Resources and Tools from MyPlate.gov


MyPlate is a nutrition platform that offers tips to help families work toward a healthier eating style. According to MyPlate, older adults should begin any change in their diet by making small shifts in food and beverage choices to improve their overall eating pattern, and then continue to build on them.

As a health professional specializing in senior care, I rely heavily on MyPlate to help shape nutrition plans for our residents. The most crucial tips to follow to help reduce the amount of sodium you eat and drink daily includes:


  • Use the Nutrition Facts label to compare the sodium in packaged foods and beverages;

  • Buy low-sodium, reduced sodium, or no-salt-added products;

  • Look for fresh, frozen, or canned vegetables without added sauces or seasonings;

  • Choose fresh or frozen poultry, seafood, and lean meats instead of prepared or ready-to-eat products;

  • Cook more often at home to control the sodium in your food; and

  • Add herbs and spices instead of salt to recipes and dishes- spices like oregano, rosemary and thyme can help you eliminate the excessive use of sodium, while enhancing a delicious dish.
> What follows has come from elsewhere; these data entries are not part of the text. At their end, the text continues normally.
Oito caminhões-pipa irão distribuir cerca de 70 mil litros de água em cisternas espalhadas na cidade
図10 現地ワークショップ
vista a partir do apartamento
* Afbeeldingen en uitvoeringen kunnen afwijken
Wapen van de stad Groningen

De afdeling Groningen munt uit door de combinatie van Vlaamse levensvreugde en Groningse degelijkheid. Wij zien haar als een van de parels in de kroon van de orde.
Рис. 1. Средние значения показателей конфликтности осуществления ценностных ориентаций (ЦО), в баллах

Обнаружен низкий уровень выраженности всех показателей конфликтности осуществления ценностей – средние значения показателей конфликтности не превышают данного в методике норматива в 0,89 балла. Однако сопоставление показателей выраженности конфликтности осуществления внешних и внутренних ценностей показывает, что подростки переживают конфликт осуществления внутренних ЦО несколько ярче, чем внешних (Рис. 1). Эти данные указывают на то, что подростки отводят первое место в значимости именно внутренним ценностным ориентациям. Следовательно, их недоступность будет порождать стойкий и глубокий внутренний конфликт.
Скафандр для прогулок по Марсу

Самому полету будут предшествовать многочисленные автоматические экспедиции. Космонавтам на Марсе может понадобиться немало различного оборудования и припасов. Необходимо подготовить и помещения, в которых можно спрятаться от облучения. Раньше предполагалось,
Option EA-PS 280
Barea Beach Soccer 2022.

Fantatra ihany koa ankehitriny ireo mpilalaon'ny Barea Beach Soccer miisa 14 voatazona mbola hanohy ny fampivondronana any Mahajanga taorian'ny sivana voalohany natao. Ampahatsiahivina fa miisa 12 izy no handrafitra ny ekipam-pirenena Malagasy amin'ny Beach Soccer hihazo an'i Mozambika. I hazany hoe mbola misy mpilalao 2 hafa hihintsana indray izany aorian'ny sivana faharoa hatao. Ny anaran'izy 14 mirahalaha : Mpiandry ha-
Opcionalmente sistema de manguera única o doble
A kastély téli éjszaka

  • If you need inspiration for healthy meals that follow the new guidelines, check out my roundup of the most popular recipes for each MyPlate category that makes cooking with these guidelines simple and delicious.


Remember as we age, so do our taste buds and the effects are especially noticeable when seniors are coping with Alzheimer’s disease. While it’s okay to have a treat once in a while, in order to protect your loved ones from unhealthy levels of sodium, make sure you are incorporating fresh produce and encouraging plenty of hydration. Get creative, read nutrition labels closely and stay positive.